Embora Portugal se tenha aproximado dos níveis de vida existentes
nos demais países europeus, nestes últimos anos a tendência para a
redução dessa diferença abrandou e a posição de regiões como o
Alentejo, o Centro e o Norte, nomeadamente, piorou em
comparação com as médias comunitárias.
Com a integração na política agrícola comum, o reforço da
agricultura portuguesa passa a estar mais dependente da
modernização das estruturas de produção e dos canais de
comercialização, principalmente em benefício de alguns sectores
cruciais, tais como os do vinho, dos frutos e dos produtos hortícolas.

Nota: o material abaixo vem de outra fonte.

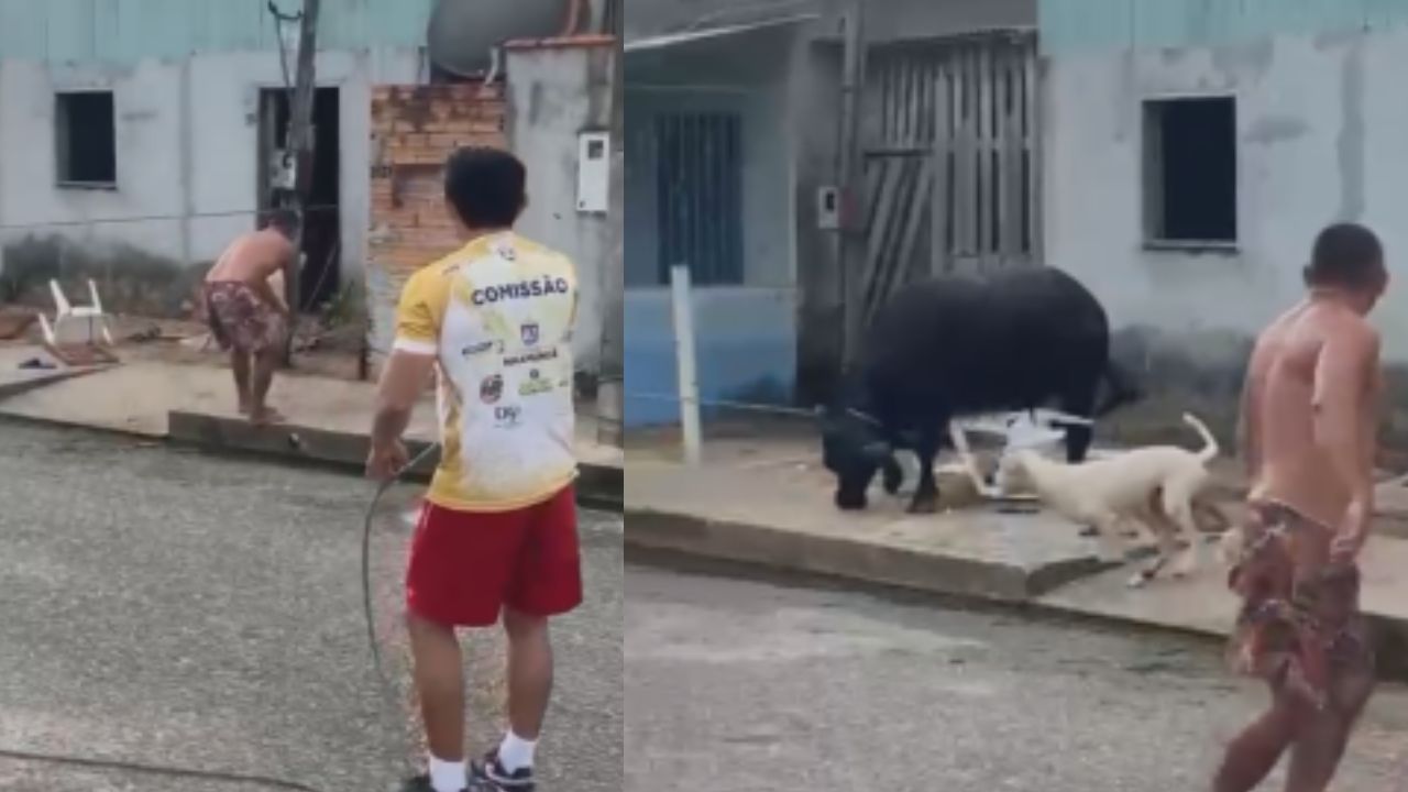 Nas imagens, vários homens aparecem tentando laçar o animal e levá-lo de volta para o abate. O boi resiste, mas é retirado da casa.

Deste modo, para poder ser competitiva e possibilitar que o Alentejo
se mantenha vivo, a agricultura nacional tem obrigatoriamente que se
modernizar, para que, no futuro, ainda seja possível a existência de
uma sociedade rural.
Com todas estas mudanças, ser proprietário de terras deixou de
ter a importância que teve no passado, por isso, a posse da terra é um
factor cada vez menos influente nas relações sociais hoje existentes no
Alentejo, facto que é incontestável na sociedade onde vivemos.
Sobre a reforma agrária, quando se olha para os
acontecimentos de há 30 anos nesta região, pode hoje afirmar-se que
apenas resta a ‘Utopia’ cantada por José Afonso: “toma o fruto da
terra / é teu a ti o deves / lança o teu desafio”.